Each produces 670 horsepower and 1,325 lb-ft of torque.
Back in 2017, Toyota announced Project Portal, which brings its zero-emission hydrogen fuel-cell tech to commercial trucks. Now, the automaker’s first fuel-cell electric truck is ready to haul cargo, as the automaker has unveiled the latest version of its hydrogen fuel-cell semi-truck jointly developed with truck manufacturer Kenworth. It’s the first of ten planned zero-emissions trucks that will start transporting cargo across the Los Angeles basin and to various inland cities starting in Q4 2019.
In the first phase, the trucks will haul goods from the LA and Long Beach ports throughout the LA area, the Inland Empire, the Port of Hueneme, and eventually to Merced. The trucks will be operated by Toyota Logistics Services, United Parcel Services, Total Transportation Services Inc. and Southern Counties Express.
In a second phase, Shell will build hydrogen filling stations in Wilmington and Ontario, California, to provide more opportunities for the trucks to refuel. Initially, the trucks will rely on three existing stations at Toyota’s Long Beach Logistics Services and Gardena R&D facilities.
The fuel-cell-electric truck (FCET) is based on Kenworth's T680 truck. Replacing the diesel inline-6 there is a pair of Toyota Mirai fuel cell stacks and an electric drive system producing 670 horsepower and a whopping 1,325 lb-ft of torque. The range on a fill of hydrogen is estimated at 300 miles, which is twice that of a typical drayage trucks' average daily duty cycle according to Toyota and Kenworth.
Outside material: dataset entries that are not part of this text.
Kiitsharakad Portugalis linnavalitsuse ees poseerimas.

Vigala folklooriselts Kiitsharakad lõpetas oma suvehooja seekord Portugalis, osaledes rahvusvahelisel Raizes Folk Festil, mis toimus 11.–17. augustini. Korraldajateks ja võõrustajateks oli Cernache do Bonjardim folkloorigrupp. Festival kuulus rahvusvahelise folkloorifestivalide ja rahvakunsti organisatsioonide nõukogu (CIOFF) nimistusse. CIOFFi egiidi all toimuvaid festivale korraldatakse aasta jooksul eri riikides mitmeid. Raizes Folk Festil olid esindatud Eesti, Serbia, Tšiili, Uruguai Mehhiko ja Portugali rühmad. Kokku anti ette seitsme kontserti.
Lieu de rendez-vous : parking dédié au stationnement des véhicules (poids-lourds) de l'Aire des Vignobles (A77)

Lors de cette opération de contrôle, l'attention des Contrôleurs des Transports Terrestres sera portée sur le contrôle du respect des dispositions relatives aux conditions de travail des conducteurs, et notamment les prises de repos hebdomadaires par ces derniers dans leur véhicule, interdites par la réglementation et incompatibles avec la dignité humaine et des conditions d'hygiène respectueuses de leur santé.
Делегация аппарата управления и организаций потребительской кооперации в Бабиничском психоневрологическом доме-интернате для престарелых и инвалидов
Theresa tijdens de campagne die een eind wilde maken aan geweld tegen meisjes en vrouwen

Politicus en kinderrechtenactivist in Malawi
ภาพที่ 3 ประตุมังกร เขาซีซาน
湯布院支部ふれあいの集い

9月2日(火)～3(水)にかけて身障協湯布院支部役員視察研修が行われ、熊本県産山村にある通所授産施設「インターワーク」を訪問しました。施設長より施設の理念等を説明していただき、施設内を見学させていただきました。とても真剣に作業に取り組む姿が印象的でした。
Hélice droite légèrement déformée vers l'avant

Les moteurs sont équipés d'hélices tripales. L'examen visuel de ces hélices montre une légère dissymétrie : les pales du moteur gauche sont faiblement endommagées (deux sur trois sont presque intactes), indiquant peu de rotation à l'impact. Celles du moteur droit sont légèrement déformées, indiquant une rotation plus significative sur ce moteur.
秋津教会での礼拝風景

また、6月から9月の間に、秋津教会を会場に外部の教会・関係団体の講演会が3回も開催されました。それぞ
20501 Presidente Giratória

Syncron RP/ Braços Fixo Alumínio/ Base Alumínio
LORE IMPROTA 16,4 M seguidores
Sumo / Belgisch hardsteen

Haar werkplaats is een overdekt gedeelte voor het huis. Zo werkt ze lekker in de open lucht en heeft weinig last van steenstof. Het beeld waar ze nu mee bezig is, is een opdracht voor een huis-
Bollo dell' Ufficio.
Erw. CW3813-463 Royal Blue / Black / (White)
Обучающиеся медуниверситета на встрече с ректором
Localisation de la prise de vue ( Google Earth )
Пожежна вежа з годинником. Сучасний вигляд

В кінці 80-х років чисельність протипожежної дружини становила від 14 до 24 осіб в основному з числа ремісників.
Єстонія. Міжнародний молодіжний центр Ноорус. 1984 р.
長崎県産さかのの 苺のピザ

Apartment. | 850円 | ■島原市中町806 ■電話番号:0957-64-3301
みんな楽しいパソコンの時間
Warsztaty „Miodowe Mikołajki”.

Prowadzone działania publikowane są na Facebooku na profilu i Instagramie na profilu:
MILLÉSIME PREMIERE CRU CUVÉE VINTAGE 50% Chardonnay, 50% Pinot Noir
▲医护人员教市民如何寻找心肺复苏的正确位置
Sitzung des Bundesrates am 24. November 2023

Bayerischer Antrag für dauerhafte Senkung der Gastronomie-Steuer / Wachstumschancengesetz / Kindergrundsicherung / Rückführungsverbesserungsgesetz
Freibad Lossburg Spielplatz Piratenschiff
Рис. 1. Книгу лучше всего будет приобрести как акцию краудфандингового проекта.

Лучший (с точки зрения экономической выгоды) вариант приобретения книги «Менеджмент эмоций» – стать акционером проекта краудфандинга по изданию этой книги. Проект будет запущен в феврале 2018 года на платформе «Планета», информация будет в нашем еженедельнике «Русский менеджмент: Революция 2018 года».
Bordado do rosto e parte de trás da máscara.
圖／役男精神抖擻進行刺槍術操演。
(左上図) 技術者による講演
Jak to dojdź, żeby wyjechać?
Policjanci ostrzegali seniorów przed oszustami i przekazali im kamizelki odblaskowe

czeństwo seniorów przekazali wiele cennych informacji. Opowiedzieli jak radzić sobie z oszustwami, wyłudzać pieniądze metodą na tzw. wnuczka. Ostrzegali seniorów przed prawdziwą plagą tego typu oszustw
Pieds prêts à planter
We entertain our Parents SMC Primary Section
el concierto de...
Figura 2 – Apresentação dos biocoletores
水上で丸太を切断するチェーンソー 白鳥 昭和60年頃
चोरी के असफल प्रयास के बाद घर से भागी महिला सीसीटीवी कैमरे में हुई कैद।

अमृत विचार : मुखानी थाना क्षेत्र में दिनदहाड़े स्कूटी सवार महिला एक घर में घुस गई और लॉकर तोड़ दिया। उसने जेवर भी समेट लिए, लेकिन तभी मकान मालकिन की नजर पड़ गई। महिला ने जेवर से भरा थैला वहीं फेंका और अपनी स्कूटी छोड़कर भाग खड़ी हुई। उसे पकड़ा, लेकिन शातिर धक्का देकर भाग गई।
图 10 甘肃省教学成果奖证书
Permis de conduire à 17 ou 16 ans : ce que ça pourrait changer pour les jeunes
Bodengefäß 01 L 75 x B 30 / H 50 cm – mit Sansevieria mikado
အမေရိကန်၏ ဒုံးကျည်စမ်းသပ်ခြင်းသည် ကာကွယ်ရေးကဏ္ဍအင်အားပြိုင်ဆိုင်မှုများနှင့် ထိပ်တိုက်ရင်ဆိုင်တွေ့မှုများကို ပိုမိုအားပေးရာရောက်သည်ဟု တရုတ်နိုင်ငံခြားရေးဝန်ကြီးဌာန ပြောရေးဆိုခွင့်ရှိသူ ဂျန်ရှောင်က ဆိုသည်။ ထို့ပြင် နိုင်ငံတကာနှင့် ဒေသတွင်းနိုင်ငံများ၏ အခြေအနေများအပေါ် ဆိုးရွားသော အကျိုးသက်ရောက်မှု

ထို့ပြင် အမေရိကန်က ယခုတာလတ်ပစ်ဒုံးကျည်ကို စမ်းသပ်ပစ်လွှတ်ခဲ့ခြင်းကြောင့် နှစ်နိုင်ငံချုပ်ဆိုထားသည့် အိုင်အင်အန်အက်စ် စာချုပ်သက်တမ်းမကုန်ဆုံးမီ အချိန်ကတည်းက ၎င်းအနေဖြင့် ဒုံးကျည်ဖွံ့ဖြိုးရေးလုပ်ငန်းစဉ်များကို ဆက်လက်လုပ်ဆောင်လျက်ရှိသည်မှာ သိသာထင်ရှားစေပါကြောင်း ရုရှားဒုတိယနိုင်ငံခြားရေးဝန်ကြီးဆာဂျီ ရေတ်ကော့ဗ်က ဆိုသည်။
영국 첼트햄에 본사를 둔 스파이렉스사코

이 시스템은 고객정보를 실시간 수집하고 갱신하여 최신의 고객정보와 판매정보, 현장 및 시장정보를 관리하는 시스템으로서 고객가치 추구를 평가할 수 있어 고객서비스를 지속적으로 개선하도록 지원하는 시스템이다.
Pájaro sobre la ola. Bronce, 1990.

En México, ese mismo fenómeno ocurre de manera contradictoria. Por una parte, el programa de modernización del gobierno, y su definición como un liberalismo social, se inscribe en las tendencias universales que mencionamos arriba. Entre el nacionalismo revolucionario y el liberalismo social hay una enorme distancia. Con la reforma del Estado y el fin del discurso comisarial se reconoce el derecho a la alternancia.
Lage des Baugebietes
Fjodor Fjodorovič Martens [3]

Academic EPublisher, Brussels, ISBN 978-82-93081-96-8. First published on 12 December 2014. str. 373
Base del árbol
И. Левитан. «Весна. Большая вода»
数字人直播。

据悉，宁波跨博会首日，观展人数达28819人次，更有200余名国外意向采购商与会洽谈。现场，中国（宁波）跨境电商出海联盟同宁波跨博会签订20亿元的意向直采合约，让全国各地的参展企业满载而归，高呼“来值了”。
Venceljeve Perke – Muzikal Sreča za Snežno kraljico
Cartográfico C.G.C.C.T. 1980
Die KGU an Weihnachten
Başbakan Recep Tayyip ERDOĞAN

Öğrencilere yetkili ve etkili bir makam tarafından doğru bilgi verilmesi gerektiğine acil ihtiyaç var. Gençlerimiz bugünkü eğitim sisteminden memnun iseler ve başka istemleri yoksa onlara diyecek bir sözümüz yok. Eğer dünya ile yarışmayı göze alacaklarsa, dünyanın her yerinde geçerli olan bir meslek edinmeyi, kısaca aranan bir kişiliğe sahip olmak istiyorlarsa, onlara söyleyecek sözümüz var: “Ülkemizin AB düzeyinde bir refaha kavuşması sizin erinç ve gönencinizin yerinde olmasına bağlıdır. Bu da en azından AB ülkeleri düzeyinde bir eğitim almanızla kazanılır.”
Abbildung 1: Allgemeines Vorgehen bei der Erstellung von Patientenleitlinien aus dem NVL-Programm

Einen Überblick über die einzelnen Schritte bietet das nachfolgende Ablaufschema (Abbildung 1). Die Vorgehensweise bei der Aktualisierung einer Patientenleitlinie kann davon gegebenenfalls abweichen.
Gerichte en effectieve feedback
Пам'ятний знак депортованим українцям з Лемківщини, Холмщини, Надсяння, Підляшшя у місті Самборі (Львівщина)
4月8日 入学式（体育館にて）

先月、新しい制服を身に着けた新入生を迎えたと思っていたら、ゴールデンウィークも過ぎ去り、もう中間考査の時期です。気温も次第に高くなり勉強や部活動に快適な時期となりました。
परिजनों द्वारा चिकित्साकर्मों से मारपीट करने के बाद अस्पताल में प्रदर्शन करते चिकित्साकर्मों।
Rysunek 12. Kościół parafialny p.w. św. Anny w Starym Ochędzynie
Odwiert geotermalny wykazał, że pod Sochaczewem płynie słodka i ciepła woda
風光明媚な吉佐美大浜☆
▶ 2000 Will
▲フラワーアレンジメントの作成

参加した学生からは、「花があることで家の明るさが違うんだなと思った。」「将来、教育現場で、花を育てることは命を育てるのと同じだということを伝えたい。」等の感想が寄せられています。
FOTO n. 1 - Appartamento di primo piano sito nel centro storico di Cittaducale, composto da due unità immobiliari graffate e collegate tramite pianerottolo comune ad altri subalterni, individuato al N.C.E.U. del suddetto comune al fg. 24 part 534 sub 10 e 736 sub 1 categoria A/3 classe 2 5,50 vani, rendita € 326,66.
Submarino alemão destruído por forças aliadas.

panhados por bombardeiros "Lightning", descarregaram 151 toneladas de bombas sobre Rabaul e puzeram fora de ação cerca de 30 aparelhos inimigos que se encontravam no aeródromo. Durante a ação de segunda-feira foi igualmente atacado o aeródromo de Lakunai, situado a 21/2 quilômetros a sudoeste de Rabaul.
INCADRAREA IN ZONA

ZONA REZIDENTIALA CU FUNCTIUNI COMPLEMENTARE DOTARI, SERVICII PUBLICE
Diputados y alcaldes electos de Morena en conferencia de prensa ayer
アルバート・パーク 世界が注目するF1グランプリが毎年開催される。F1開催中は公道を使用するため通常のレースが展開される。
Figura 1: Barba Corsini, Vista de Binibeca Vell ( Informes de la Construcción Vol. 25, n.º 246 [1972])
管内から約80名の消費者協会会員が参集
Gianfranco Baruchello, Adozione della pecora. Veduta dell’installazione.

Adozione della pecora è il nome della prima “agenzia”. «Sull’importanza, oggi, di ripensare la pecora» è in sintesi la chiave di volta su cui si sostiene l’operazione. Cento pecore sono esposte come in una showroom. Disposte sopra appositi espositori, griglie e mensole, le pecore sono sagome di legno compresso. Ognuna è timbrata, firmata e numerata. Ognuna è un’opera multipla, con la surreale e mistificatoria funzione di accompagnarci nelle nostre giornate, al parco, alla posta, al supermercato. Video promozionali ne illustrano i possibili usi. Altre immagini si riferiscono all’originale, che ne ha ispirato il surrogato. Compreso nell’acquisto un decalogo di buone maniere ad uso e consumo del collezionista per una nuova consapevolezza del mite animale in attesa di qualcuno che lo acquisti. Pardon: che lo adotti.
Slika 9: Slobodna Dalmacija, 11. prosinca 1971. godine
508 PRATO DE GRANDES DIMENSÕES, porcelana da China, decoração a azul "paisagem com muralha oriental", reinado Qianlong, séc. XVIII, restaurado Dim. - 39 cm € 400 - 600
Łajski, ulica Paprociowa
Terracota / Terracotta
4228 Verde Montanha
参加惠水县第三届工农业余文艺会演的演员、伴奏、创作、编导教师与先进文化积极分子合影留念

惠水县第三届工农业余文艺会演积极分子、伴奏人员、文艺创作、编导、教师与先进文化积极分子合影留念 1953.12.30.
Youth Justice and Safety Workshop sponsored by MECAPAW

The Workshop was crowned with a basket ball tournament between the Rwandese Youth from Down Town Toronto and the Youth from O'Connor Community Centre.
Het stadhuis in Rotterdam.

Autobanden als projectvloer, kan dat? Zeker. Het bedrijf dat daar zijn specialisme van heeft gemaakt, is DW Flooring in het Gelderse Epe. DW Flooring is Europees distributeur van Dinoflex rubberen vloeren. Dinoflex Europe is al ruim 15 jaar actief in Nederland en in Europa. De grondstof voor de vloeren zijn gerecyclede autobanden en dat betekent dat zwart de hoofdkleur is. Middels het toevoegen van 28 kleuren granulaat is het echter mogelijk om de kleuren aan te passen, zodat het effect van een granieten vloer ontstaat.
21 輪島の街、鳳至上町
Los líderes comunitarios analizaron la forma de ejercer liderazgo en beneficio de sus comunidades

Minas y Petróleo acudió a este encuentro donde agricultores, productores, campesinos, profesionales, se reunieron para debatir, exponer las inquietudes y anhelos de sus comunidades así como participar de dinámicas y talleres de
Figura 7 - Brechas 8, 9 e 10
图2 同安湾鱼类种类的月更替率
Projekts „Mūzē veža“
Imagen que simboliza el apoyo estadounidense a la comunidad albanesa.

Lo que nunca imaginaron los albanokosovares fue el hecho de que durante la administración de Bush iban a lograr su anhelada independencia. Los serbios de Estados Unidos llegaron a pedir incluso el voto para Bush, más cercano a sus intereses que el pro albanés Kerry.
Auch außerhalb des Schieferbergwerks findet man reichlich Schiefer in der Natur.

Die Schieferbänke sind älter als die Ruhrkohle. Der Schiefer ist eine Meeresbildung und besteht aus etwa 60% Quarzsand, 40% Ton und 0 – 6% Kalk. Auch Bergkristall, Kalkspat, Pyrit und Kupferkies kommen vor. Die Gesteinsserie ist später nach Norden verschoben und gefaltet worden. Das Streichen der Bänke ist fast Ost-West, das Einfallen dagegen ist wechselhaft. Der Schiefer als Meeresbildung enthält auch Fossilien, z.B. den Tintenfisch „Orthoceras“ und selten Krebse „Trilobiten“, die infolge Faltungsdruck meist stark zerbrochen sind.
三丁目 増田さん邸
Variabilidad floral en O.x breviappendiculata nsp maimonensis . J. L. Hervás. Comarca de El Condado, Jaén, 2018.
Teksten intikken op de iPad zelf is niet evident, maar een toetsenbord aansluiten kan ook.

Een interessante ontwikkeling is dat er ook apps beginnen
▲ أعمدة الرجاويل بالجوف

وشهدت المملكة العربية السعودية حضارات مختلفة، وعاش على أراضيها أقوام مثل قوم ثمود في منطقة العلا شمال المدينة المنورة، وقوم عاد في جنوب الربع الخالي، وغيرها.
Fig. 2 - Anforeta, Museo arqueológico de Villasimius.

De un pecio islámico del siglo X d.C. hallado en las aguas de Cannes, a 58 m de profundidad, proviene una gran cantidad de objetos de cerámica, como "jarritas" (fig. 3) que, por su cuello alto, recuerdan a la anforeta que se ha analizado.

Over 16,000 trucks serve the LA and Long Beach port complexes, North America’s largest trade gateway for containerized cargo. That number is expected to grow to 32,000 by 2030, so there’s a lot of sales potential if truck companies start switching to zero-emission options. The long-awaited Tesla Semi is also coming, and Daimler is preparing to unleash a self-driving semi-truck, so we could soon see a battle between zero-emission semis. By 2050, Toyota aims to completely eliminate carbon-dioxide emissions at its Port of Long Beach facility.